World Health Organization (WHO) diagnostic criteria for osteoporosis include measuring bone mineral density (BMD) based on a dual X‐ray absorptiometry (DEXA) scan [8, 9]. However, many fractures caused by osteoporosis occur with BMD at borderline or even normal levels, raising questions about the sensitivity of this method, particularly for screening purposes [9]. Although DEXA Scan is widely accepted as the gold standard diagnostic tool for this disease, due to the high cost of use in a large population, numerous side effects and impracticality, it is not useful for screening and early detection of high‐risk individuals. The high cost of purchasing and maintaining this device renders its use impractical in many healthcare centers in many developing countries [8, 10, 11]. Alternative methods have recently been developed to evaluate BMD levels, such as quantitative computed tomography and radiographic absorptiometry. However, the high costs of acquiring and maintaining necessary equipment pose significant challenges to the use of these alternative methods, particularly in developing countries with weak economies. This renders the widespread use of these methods as general screening tools impractical, particularly in developing countries where budget constraints and other issues often result in the lack of basic health services [10]. For example, DEXA scans are accessible to the public in major research and treatment centers in developing countries such as Morocco and Egypt; however, in countries like India and sub‐Saharan Africa, these tools are only available in major cities and private hospitals. Therefore, the use of these tools is limited to wealthy and privileged individuals [12]. So, choosing a high‐sensitivity, cost‐effective and accessible tool for screening is of great importance.
Machine learning (ML) is a subset of artificial intelligence that can analyse different variables in multiple layers and compare the significance of each variable as a risk factor for developing the specific disease [5]. Compared to other statistical methods, ML places more emphasis on the accuracy of predictions and diagnoses and can recognise patterns in the data provided to it [13]. ML algorithms have recently been utilised in a variety of research studies for the prediction and early detection of numerous diseases, particularly chronic conditions such as osteoporosis [5].
The effective application of ML algorithms for patient screening and identification necessitates comprehensive research and expert evaluations. In countries like Iran, where there is a critical need to harness the significant potential of this technology in clinical settings, we have undertaken this study to advance understanding and implementation in this area.

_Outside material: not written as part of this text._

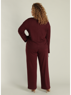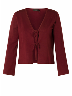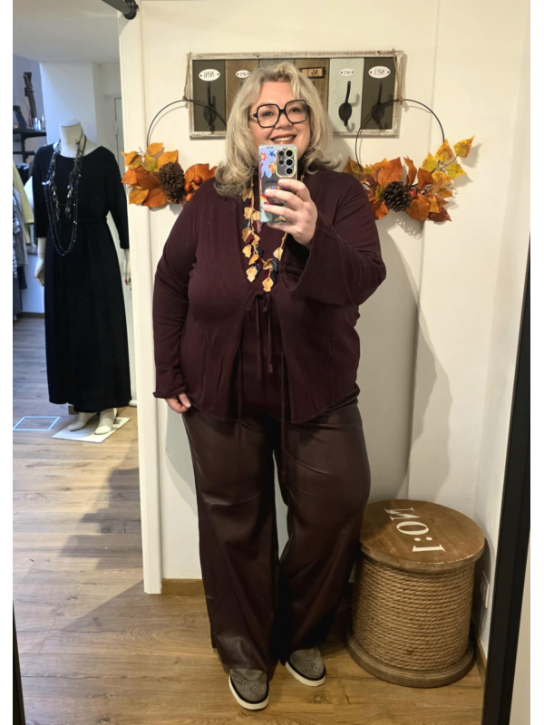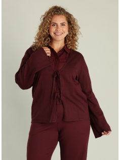 Petit gilet tout fin (moins rouge que sur la photo et qui correspond aux couleurs du thème. Avec petits liens à nouer. En twin set avec le col roulé. En 81% viscose et 18% polyester. Hauteur : 65 cm.
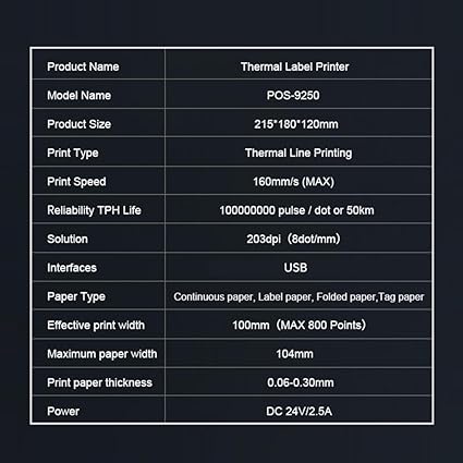 ♦ [Net Baskı] 203 dpi çözünürlüklü li baskı kafası, net baskı kalitesi, güvenilir ve düşük gürültü sağlar. 50km’lik baskı kafası ömrü, uzun süre kullanmanıza hizmet edebilir. Maksimum Baskı kağıdının genişliği 104 mm’dir ve etkin baskı genişliği 100 mm’dir.

In this article, we aimed to analyse variables related to osteoporosis risk factors using data from the Fasa Adults Cohort Study (FACS). We employed a variety of ML techniques to evaluate the accuracy and precision of each method, aiming to identify the most accurate pattern for assessing osteoporosis risk and identifying individuals at risk. This study explores the use of ML algorithms as a cost‐effective, publicly accessible and highly accurate tool for identifying and screening individuals at risk of disease complications. This aligns with enhancing the efficacy of health policies that prioritise early diagnosis of diseases like osteoporosis, thereby preventing the numerous complications that may arise if the disease remains undiagnosed until its final stages.
2. Materials and Methods
2.1. Data Source
This study is a retrospective longitudinal study that utilises data from the FACS. The FACS study consists of 10,118 people, with 4566 men and 5552 women, all aged between 35 and 70 years, between October 2014 and September 2016. The purpose of FACS is to evaluate the risk factors that make Fasa's rural population more susceptible to noncommunicable diseases, including osteoporosis.
2.2. Study Population
This study included all participants with osteoporosis by convenience sampling. The participants with the following secondary diseases that could affect BMD, such as fracture, spinal tumour, spondylopathy and systemic disease, were excluded from the study. A total of 10,108 participants were analysed in the current study.
2.3. Data Pre‐Processing
All 150 variables used in the analysis had less than 15% missing data. For handling the missing data, we applied mean imputation for continuous variables and median imputation for categorical variables to ensure a comprehensive dataset for the ML models.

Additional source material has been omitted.